I support it absolutely. The rail network has got to be the biggest investment we have, not on vanity projects like HS2 that will be drawing so much to London, but we need to be able to travel around the north cleanly and efficiently by rail.
HS2 is ill thought through and just done for political vanity. The kind of money we are talking about – we are up to £100 billion – it would be far better spent on improving the infrastructure we have.
At the same time Northwich passengers have been let down by poor service and broken promises on the mid Cheshire rail line – what should happen to Northern?
It clearly has to be nationalised for the greater good of the whole area. One rail line does not need to make a profit, if it is cheap and effective people will use it.
We’ve seen on the East Coast Mainline, twice it has been brought back into public ownership and it makes a profit, but it can’t make a profit when it is privately owned.
Poverty has risen in the past decade – the Green Party is proposing a universal basic income, is that the right approach?
We have to look for new ways of doing things. When we have a social services system that is used as a political football it can be increased by one party and slashed by another.
But if you start from a place where we expect a universal standard for our citizens, and it is fairly distributed and fairly taxed, then it changes how we feel about the whole system and it gives people opportunity without stigma and without judgement.
Is it right that even the richest people in our society should be entitled to that money though?
If you give a millionaire UBI the flipside is they will also be getting taxed more on bands higher up, so we will be taxing the rich higher.
But they might feel more at ease in the society they live in knowing that their good fortune is helping others.
The NHS has been hit by funding cuts over the past decade, and A&E performance hit a new low this month. How can this be turned around?
Obviously it needs funding properly, that is absolutely a fact, but we need to take a look.
So many of our problems with mental health come with a lack of opportunity to be with nature – which I know sounds hippy-ish but all the studies show that the more you are out there the better you feel.
Plus our working conditions – people on zero hours contracts, under enormous stress, people on well paid with enormous mortgages.
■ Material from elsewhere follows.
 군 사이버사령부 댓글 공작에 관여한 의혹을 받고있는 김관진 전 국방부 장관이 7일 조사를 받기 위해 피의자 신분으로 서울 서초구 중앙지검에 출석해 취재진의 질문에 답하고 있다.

So much of it is how we live, so absolutely it has to be funded properly, but we have to be looking at our wellbeing – instead of measuring our economic output, we should measure our wellbeing as a society.
The Green Party wants a second referendum and to remain in the EU – why is that the right answer, and could it cause more Brexit division?
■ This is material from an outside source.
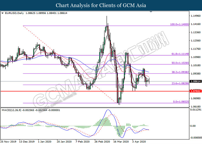 EURUSD, Daily: EURUSD was traded lower following prior breakout below the previous support level at 1.0940. MACD which illustrate diminishing bullish momentum suggest the pair to extend its losses toward the support level at 1.0830.

If there is a vote to leave again the Green Party would respect that and we would have to get on with it.
Being part of a union of 27 countries means you can get so much more done – climate change doesn’t respect borders, we have to work with everybody we can.
It’s hard for anybody to argue that we don’t know more about Brexit now than we did then. It’s a binary question that has a million answers. Now we would have a deal, against remain, that would be a far more democratic vote.
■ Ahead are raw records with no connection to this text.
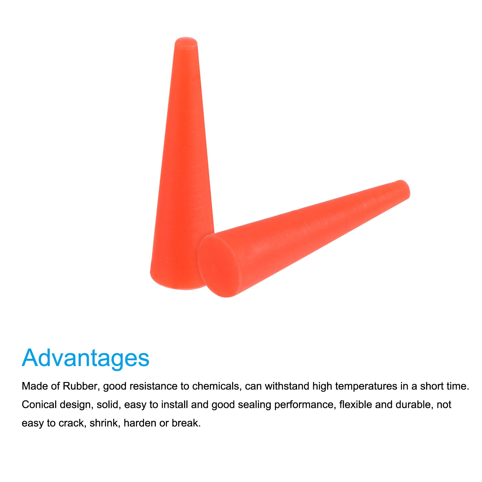 The tapered plug is in size of: Bottom Diameter: 1.5mm / 0.06"; Top Diameter: 3.5mm / 0.14"; Height: 16mm / 0.63"; In the package of: 30 x Silicone Rubber Tapered Plug
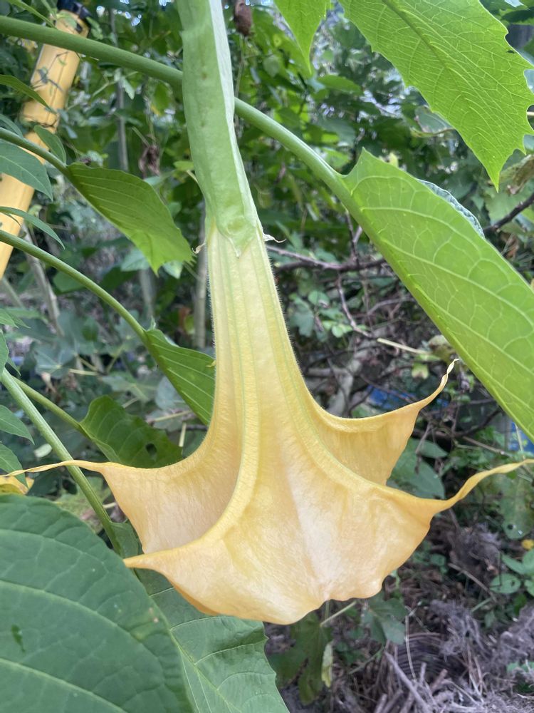 庭のエンゼルストランペット咲いてます。
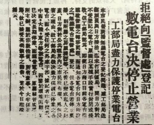 上海《新闻报》1938年5月3日关于民营台拒绝登记的报道
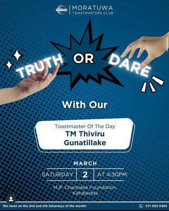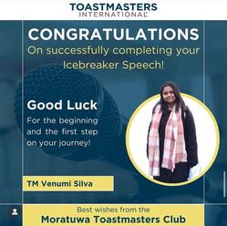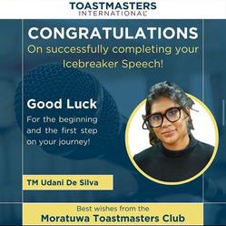What truly sets Moratuwa Toastmasters Club apart is the energetic and enthusiastic atmosphere you've cultivated Your meetings are known for being engaging and fun, fostering a sense of camaraderie that feels more like a family than just a club. This unique sense of togetherness is a valuable asset, as it creates a supportive environment where everyone feels comfortable learning and growing

But there’s no magic wand. The damage the referendum has done is deeply set. My hope would be that we all take the climate emergency seriously and that unites us, because it affects everybody.
Finally, you have a day off – no work or campaigning to do. How would you spend your ideal day in Cheshire?
I’ve got two dogs, three kids – we would go for a long walk and a pub lunch.
A favourite spot for the walk?
Helsby Hill – but there are so many places. We have got fantastic countryside.